Durable Object: Smart Fan-Out

Each user gets a Durable Object that maintains WebSocket connections and manages buffering:

```typescript

export class TradeFanout extends DurableObject {

private connections: Map<string, WebSocket> = new Map();

async fetch(request: Request): Promise<Response> {

if (request.headers.get("Upgrade") === "websocket") {

const pair = new WebSocketPair();

const [client, server] = Object.values(pair);

this.connections.set(crypto.randomUUID(), server);

return new Response(null, { status: 101, webSocket: client });

}

// Incoming trade event to broadcast

const event = await request.json();

this.connections.forEach((ws, id) => {

try {

ws.send(JSON.stringify(event));

} catch {

this.connections.delete(id);

}

});

return new Response("broadcast ok");

}

}

```

Worker B: WebSocket Edge Gateway

A separate Worker handles WebSocket upgrades and routes users to their Durable Object, providing a stable endpoint that can be behind Cloudflare’s global network:

```typescript

// WebSocket gateway worker

export default {

async fetch(request: Request): Promise<Response> {

const url = new URL(request.url);

const userId = url.searchParams.get("userId");

if (!userId) return new Response("Missing userId", { status: 400 });

const doId = TRADE_FANOUT.idFromName(userId);

const stub = TRADE_FANOUT.get(doId);

// Upgrade to WebSocket via the Durable Object

return stub.fetch(request);

}

}

```

Performance Results

| Metric | Before (Centralized) | After (Edge Workers) | Improvement |

|--------|---------------------|---------------------|-------------|

| EU user latency | 145ms avg | 32ms avg | 78% faster |

| Asia user latency | 237ms avg | 48ms avg | 80% faster |

| US user latency | 35ms avg | 12ms avg | 66% faster |

| Monthly cost | $180 | ~$5 | 97% cheaper |

| Uptime | 99.9% | 99.99% | 0.09% better |

| Time-to-deploy | 45 min (AMI update) | 3 sec (wrangler deploy) | 900x faster |

Marketing the Edge

This architectural upgrade became a marketing asset in three ways:

1. **Technical blog content**: Deep-dive engineering posts attract developer leads to DeFiKit

2. **Competitive moat narrative**: “Edge-native trading infrastructure” is a differentiator against centralized competitors

3. **Performance badge**: We display a “Powered by Cloudflare Workers” badge with real-time latency stats on the dashboard footer

Users don’t care about your architecture.
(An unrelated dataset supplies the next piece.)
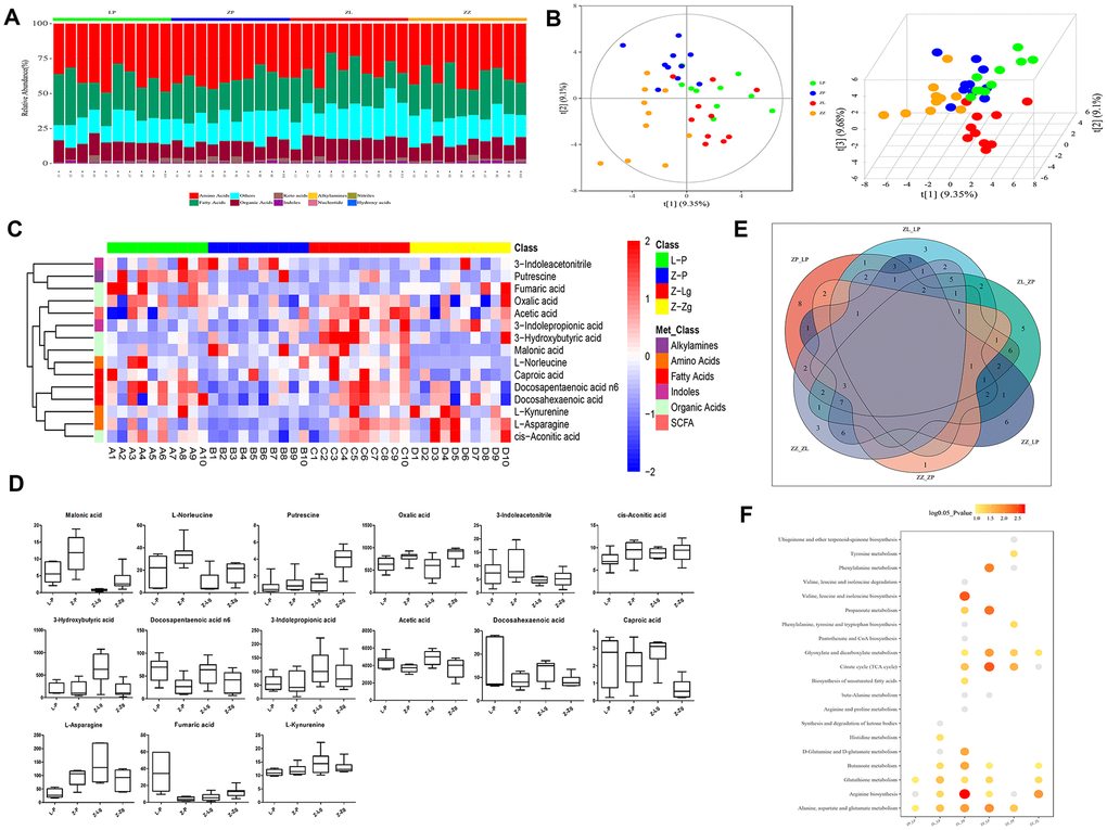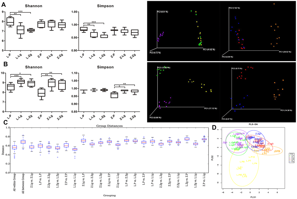 The intestinal community identification of donor rats showed that the α-diversity index and β-diversity index between the two groups were significantly different (Supplementary Figure 2A–2C). After FMT, Shannon index and Simpson index showed that Z-P was lower than Z-Lg and Z-Zg (P < 0.05) in the recipient group. Unweighted UniFrac PCoA analysis and UniFrac distance value difference box plots showed that there were significant differences between the groups, indicating that the intestinal microbial system has changed after FMT (Figure 2B, 2C). PLS-DA (Partial Least Squares Discriminant Analysis) showed that the L-Lg and L-Zg communities had a higher degree of aggregation, and the Z-Lg, Z-Zg, and Z-P groups had better separation (Figure 2D).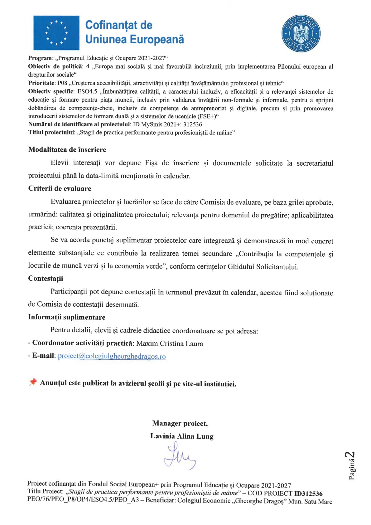 25 iunie 2025 - In Noutăți‚ Profesioniștii de mâine By Colegiului Economic ”Gheorghe Dragoș”, Satu Mare Comment off Anunt concurs Previous Concursul de proiecte destinat elevilor Next Avantajele unității scolare in proiectul: Stagii de practica performante pentru profesionistii de maine

They care that their trades execute 200ms faster than the competition. Frame every technical improvement in user terms.

Key Takeaway

Migrating to Cloudflare Workers wasn’t just an infrastructure upgrade—it was a business transformation. 97% cost reduction, 78% latency improvement for global users, and zero ops overhead. For any trading application with a global user base, edge streaming isn’t optional. It’s table stakes.